Re: [rdf4j-dev] New Memory Store

[Date Prev][Date Next][Thread Prev][Thread Next][Date Index][Thread Index] [List Home]

Re: [rdf4j-dev] New Memory Store - Planning

From: Håvard Ottestad <hmottestad@xxxxxxxxx>
Date: Mon, 17 Jul 2017 16:13:30 +0200
Delivered-to: rdf4j-dev@xxxxxxxxxxx
List-archive: <https://dev.eclipse.org/mailman/private/rdf4j-dev>
List-help: <mailto:rdf4j-dev-request@eclipse.org?subject=help>
List-subscribe: <https://dev.eclipse.org/mailman/listinfo/rdf4j-dev>, <mailto:rdf4j-dev-request@eclipse.org?subject=subscribe>
List-unsubscribe: <https://dev.eclipse.org/mailman/options/rdf4j-dev>, <mailto:rdf4j-dev-request@eclipse.org?subject=unsubscribe>

Looks like Stratified B-trees is the way to go for supporting versioning. Copy-on-write is also another possibility, but it is slower.

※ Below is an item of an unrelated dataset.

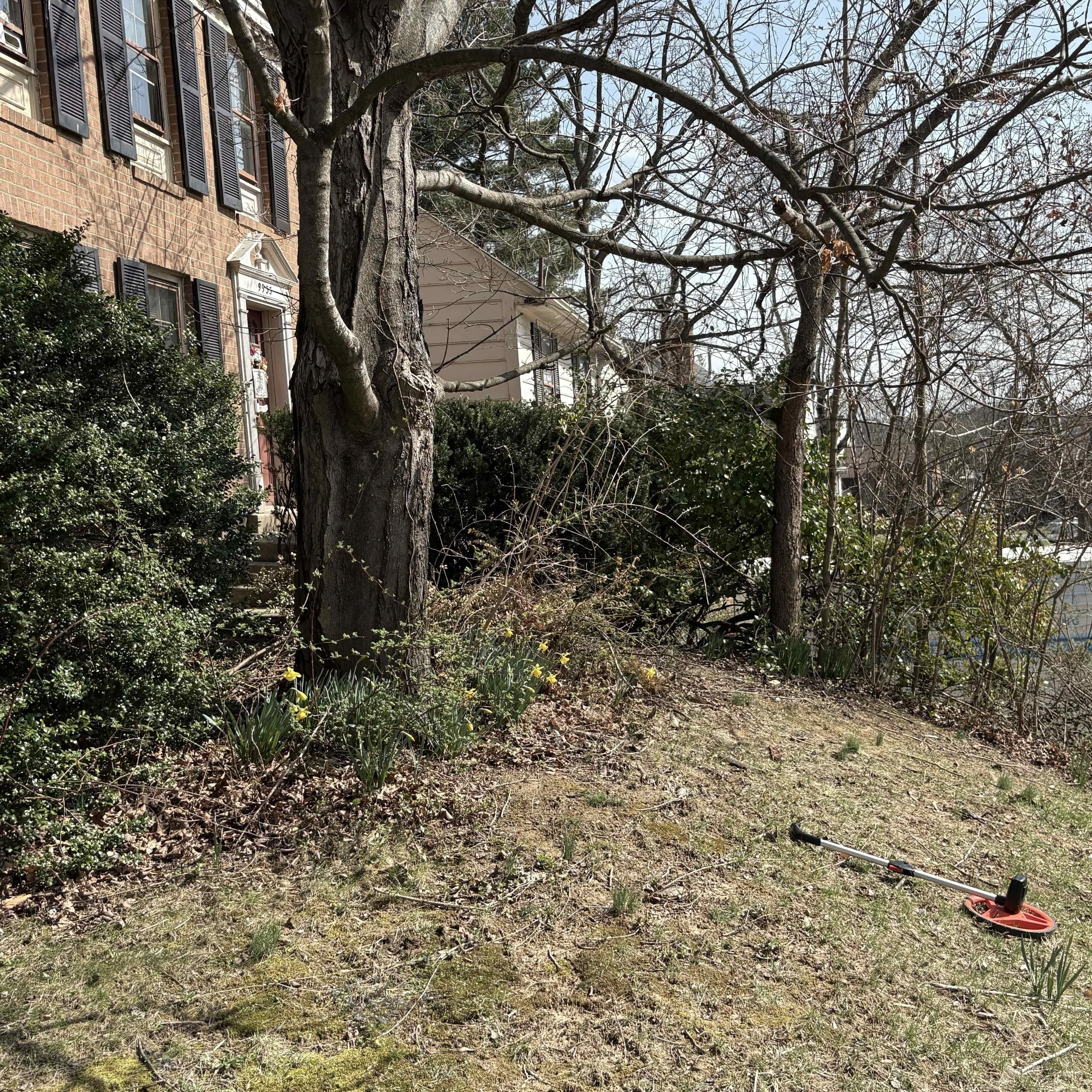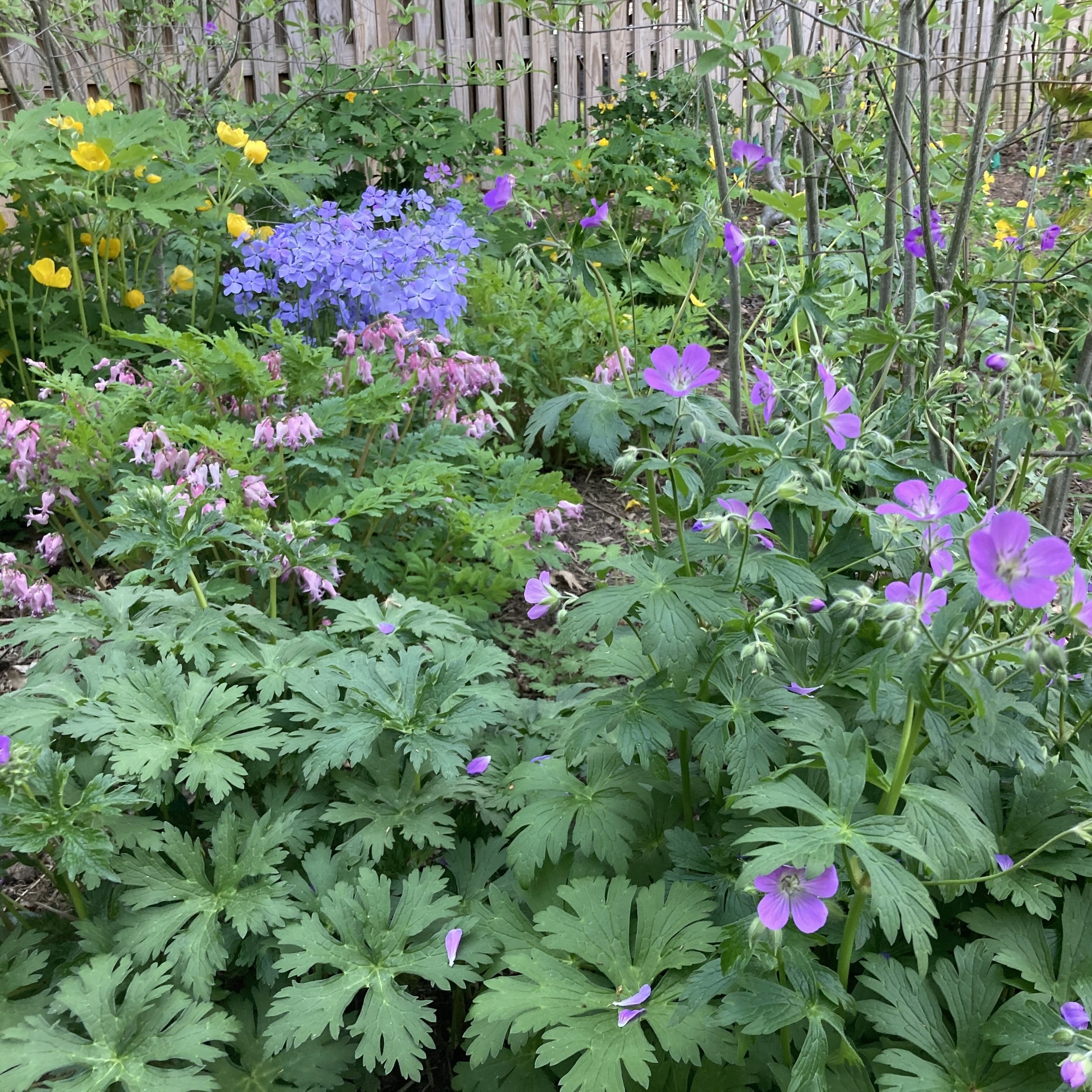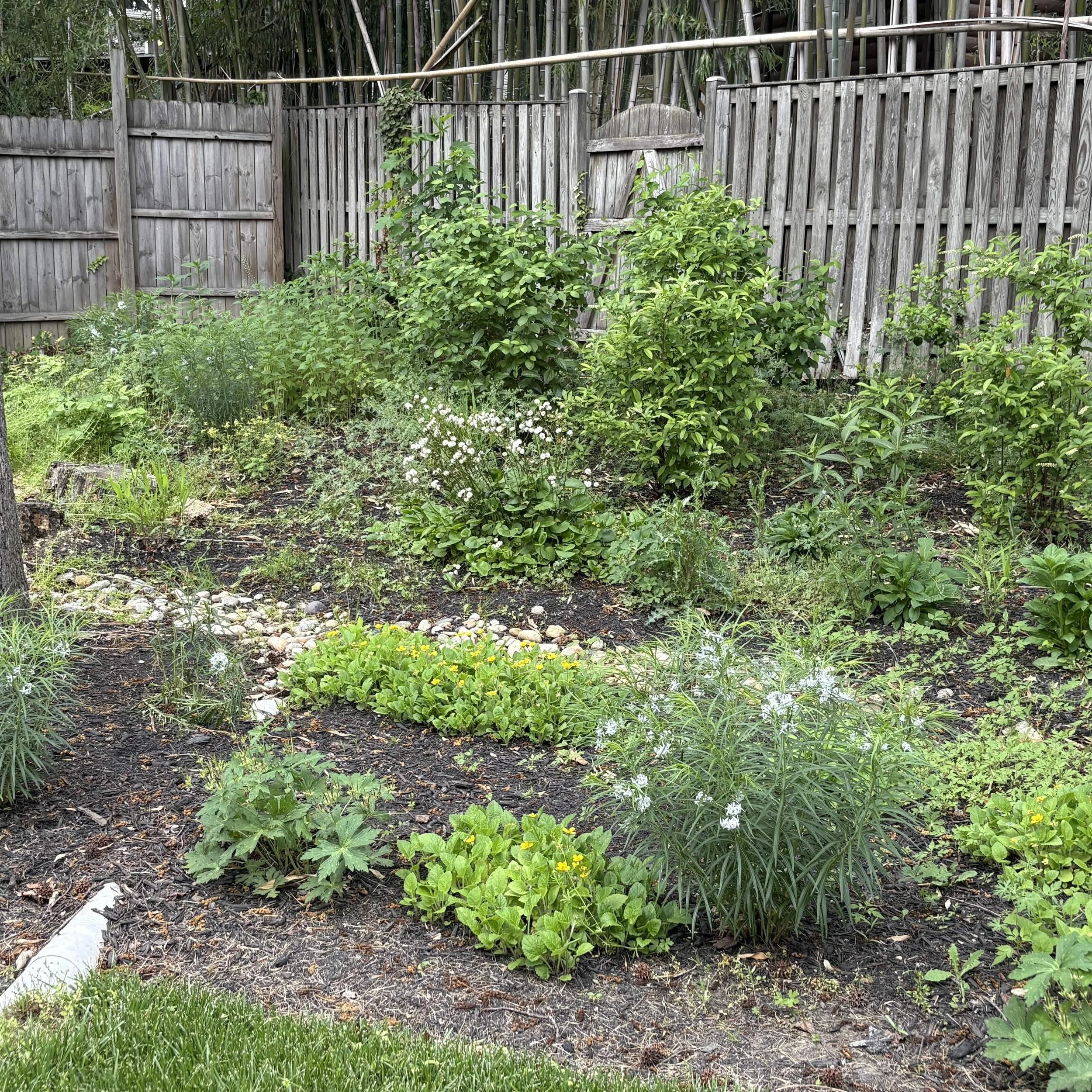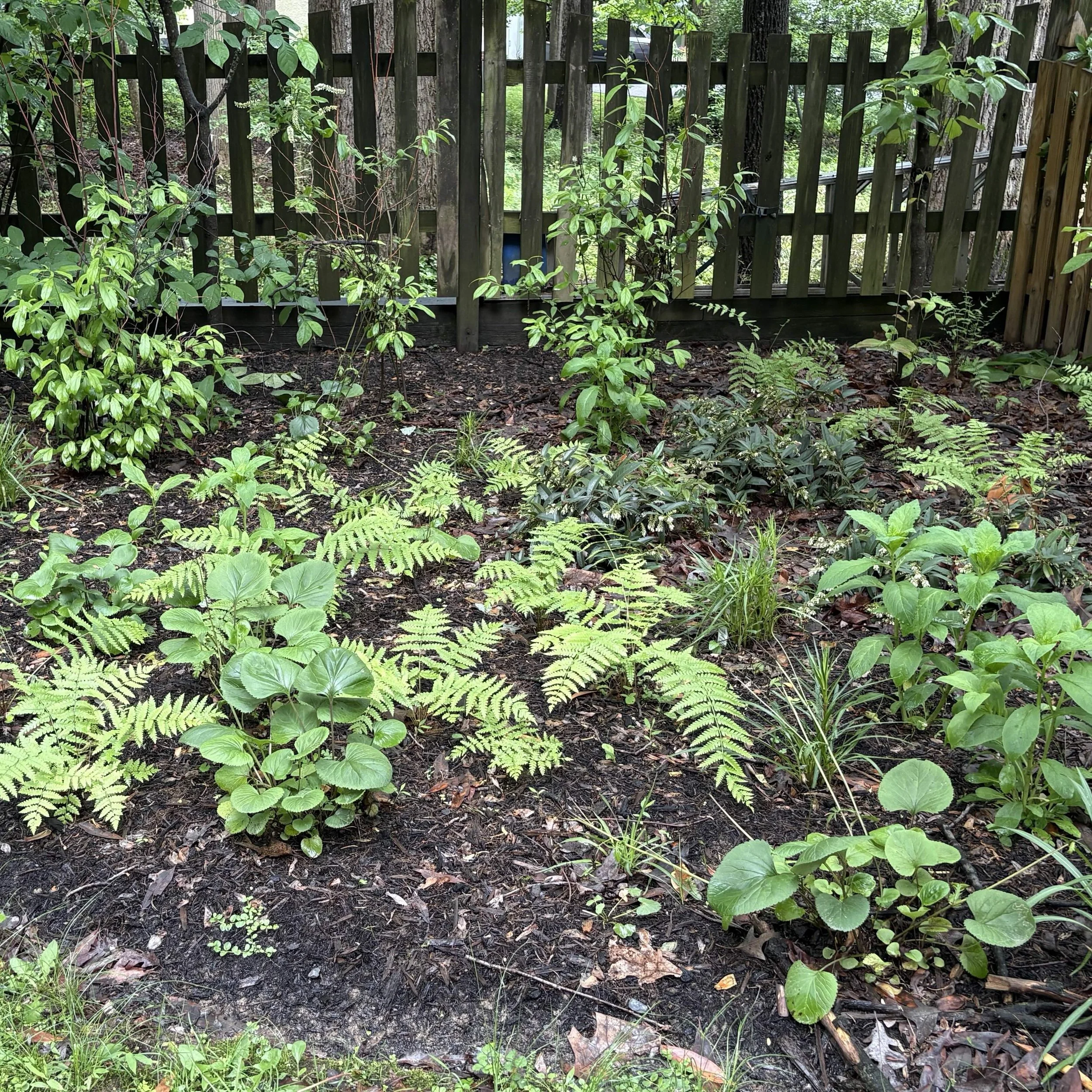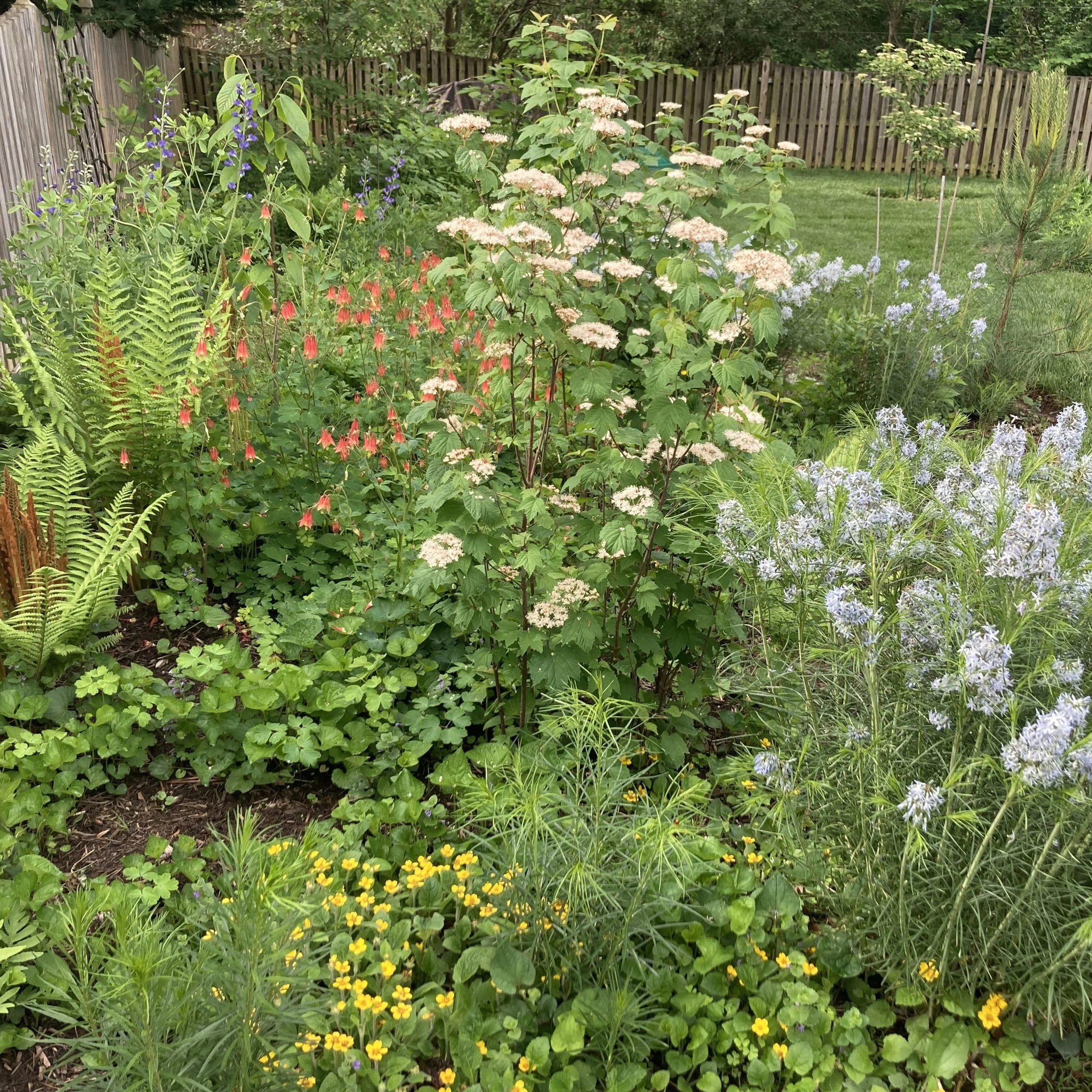 We added topsoil to a corner of this yard to alleviate the heavy clay. After, we planted a bunch of spring ephemerals that brighten up the space before other plants are blooming. We were also able to sustainably source some rare, threatened, and endangered plants.

Paper on Stratified B-trees:

https://www.usenix.org/event/hotstorage11/tech/final_files/Twigg.pdf

I have never looked at this type of tree before. So I think my first goal is to just get a working B+ tree.

I was thinking about using a lookup table, which would convert a string into a long. Then I can inline the long in the B-tree node, making memory fetching more performant and also making comparisons more performant (long comparison is faster than string). But using a lookup table would break sorting. This doesn’t actually affect the store in any way, but it does make it impossible to do merge join efficiently. I’ll leave this aside for the time being though.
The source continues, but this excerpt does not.